Family Photographs: My Brother, Solar Eclipse, 1965
In a year, Haldol, ECT, the closed gates of a sanitarium.
But for now—how happy you were. To be eleven and unconcerned
For once with school, the Cubs, who punched who.
For a few minutes to be unlearned, to be taught
A new world. O, distant boy, how marvelous
It all must have been, to be turned into a ghoul with your friends,
To spurn the murmur of grown-ups with their highballs and hair
On the deck for a lowering sky burned sepia, orange.
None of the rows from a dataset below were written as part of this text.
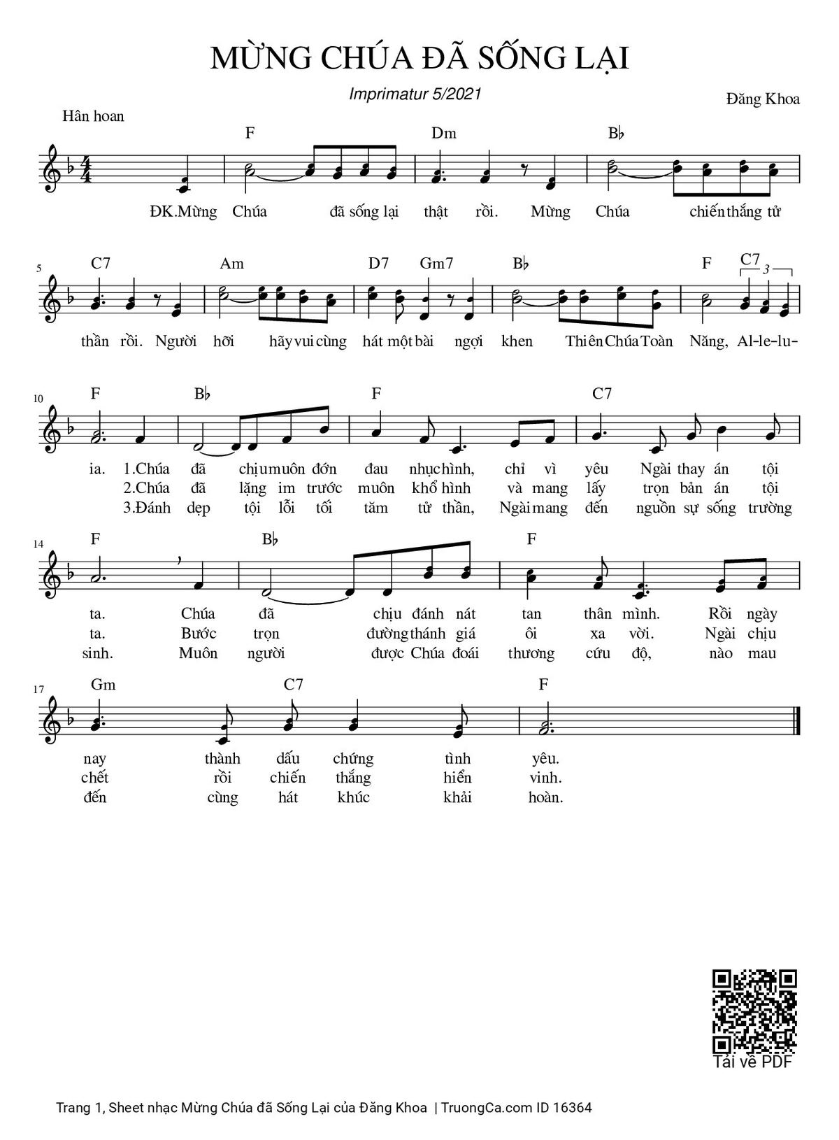 Các sheet PDF tương tự Mừng Chúa đã Sống Lại:
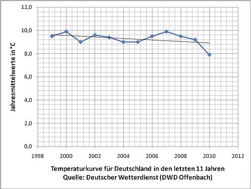 10 Jahren wegen eingetretener Sonnenfleckenflaute eine meßbare Abkühlung eingetreten. In nachfolgender Grafik mit Originaldaten des Deutschen Wetterdienstes ist dies deutlich zu erkennen (siehe vor allem das Rekordtief des vorigen Jahres). Warum hat Herr Koßmann in Kapitel 1.4 nicht auf den obigen Sachverhalt hingewiesen und seine Temperaturkurve in Abb. 1 auf Seite 21 schon früher auslaufen lassen? Er konstatiert dort sogar ganz im Gegenteil in diesem letzten Zeitabschnitt eine tendenzielle Temperatursteigerung (siehe seine rot gepunktete Linie).
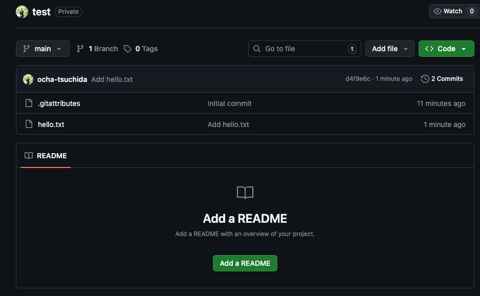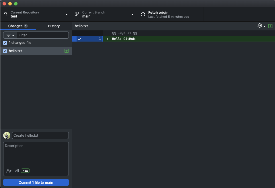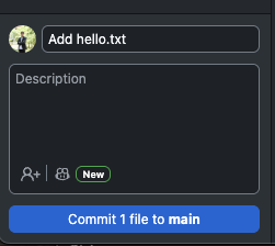 "Add hello.txt"。まあ適当でいいです)。 - 必要であれば Description にも詳細を記述します。
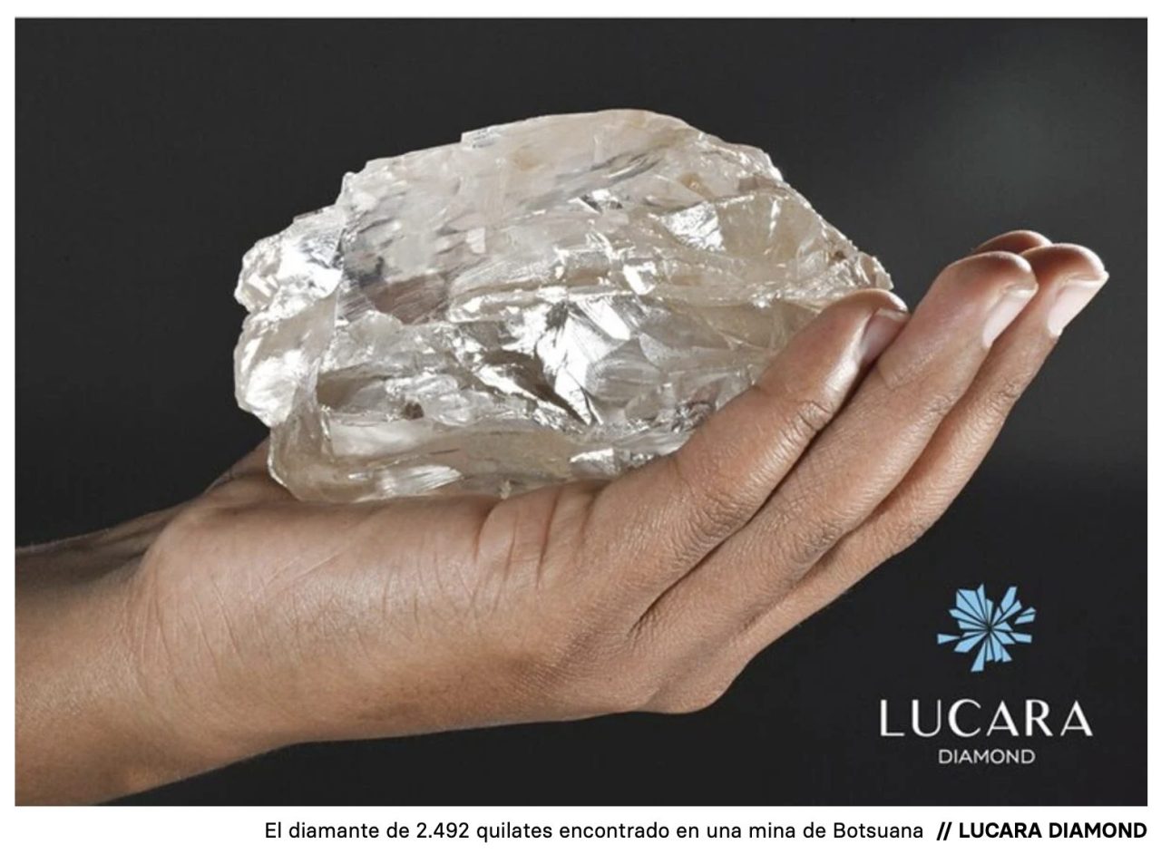 Un diamante de tamaño excepcional, de 2.492 quilates y que apenas cabe en la palma de la mano, ha sido hallado en la mina de Karowe en Botsuana por la empresa canadiense Lucara Diamond Corp.
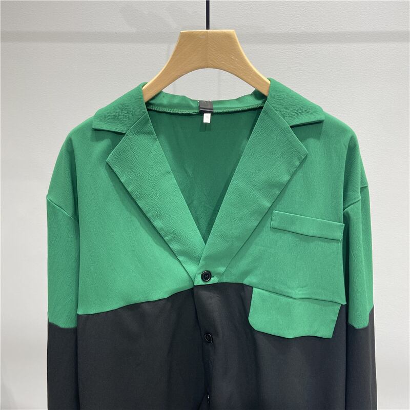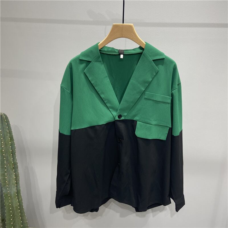 [EWQ] レディース コントラストカラー 長袖シャツ パッチワーク ラプル ワンボタン ブラウス トップス 春 秋 潮 16Y7823 ロング スプリング 春物 オータム 秋物
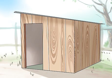 Create a shelter. In most climates, a three-sided shelter will sufficiently protect your llama. Your animal needs to be warm and dry in the winter, and cool in the summer. Because they are naturally conditioned for cooler climates, a llama may not need a barn since its fleece will help keep it warm. However, if you already have barn, use it. Your shelter should be at least seven feet (2 m) tall and wide enough to accommodate multiple llamas.
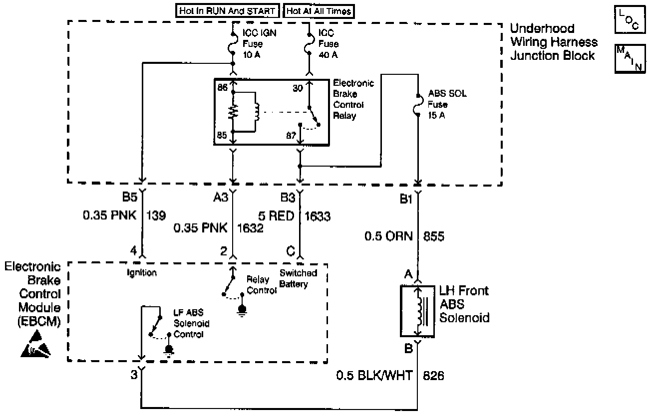 - The solenoid valve is always energized due to a short to ground in the solenoid valve circuitry between the Electronic Brake Control Module (EBCM) and the brake solenoid valve.

At three o’clock to feel yourself disappear inside yourself —
To cast no shadow. And – so long ago now
how did you put it? —the delicious, insistent thought
What if it stays like this? To yearn and yet not to know yet
What that yearning meant.
Thus begins Daniel Lawless' stunning new collection of intimate and profoundly moving poems. This is a book not to miss--each poem in it is painfully beautiful, darkly lit, familiar and startling. As Jim Daniels writes: The poems in I Tell You This Now evoke the photos of Diane Arbus in that they might make you want to turn away, but then only to turn back and go deeper, as he does, to find the humanity in this complex, difficult world. He mines photographs both real and imagined to create fresh, startling insights that sustain us, like the small daily joys of "... lumbering the cha-cha as she boiled the green out of Thursday cabbage."
This is an amazing book! I am loving it so much. Danny has dug deep to make these poems. Thank you for highlighting it, Nina!
Posted by: Denise Duhamel | March 30, 2024 at 08:10 AM
Terrific poem.
Posted by: Terence Winch | March 30, 2024 at 09:53 AM
BRILLIANT long awaited for collection of poems!
Thank you for this David
Elena
Posted by: Elena Karina Byrne | March 30, 2024 at 01:05 PM
Yes, this book has been long-awaited. An authentic, raw voice so often lacking from American poetry.